Show complex solutions exist

Solution 1:

We have $$ 0=\lvert z^2\rvert+ \mathrm{Re}\, (Az) + B = z\overline{z}+\frac{1}{2}(Az+\overline{Az})+\frac{1}{4}\lvert A\rvert^2-\frac{1}{4}\lvert A\rvert^2+B=\left\lvert z+\frac{1}{2}A\right\rvert^2-\frac{1}{4}\lvert A\rvert^2+B $$ If $4B>\lvert A\rvert^2>0$, then $\lvert z^2\rvert+ \mathrm{Re}\, (Az) + B=\left\lvert z+\frac{1}{2}A\right\rvert^2-\frac{1}{4}\lvert A\rvert^2+B>0$, and hence no solutions.
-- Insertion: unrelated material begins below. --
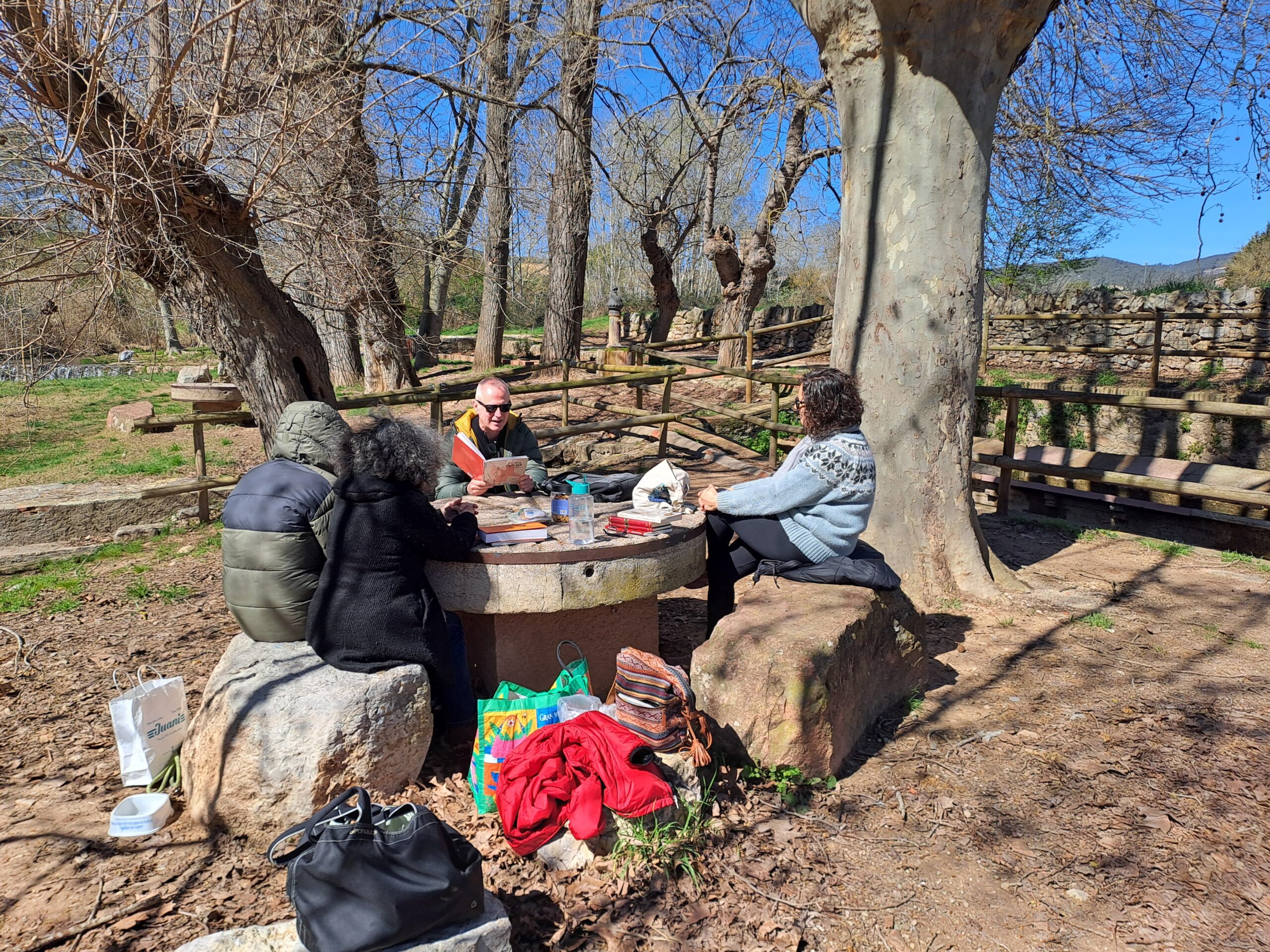 Després de múltiples variacions, la lectura oberta de març s’ha dut a terme al rentador de Sant Joan de Mediona. En petit comité i, contra tot pronostic, gaudint d’un dia ben assoleiat ha permès assaborir una forma de lectura en veu alta compartida inusual i especialment agradable.

If $4B>\lvert A\rvert^2\le 0$, set $C=\frac{1}{2}\sqrt{\lvert A\rvert^2-4B}$, and our equation is equivalent to $$ \left\lvert z+\frac{1}{2}A\right\rvert^2=C^2, $$ and hence equivalent to $$ \left\lvert z+\frac{1}{2}A\right\rvert=C, $$ the set of solutions of which is the circle centered at $-A/2$ with radius $C$.

Solution 2:

You are on the right track by letting $z = x+iy$ and $A=s+it$. If substitute this in, we have $$ x^2+y^2+xs - yt+r = 0 $$ where $r$ is my real number. Try completing the square for $x$ and $y$ and see what you get.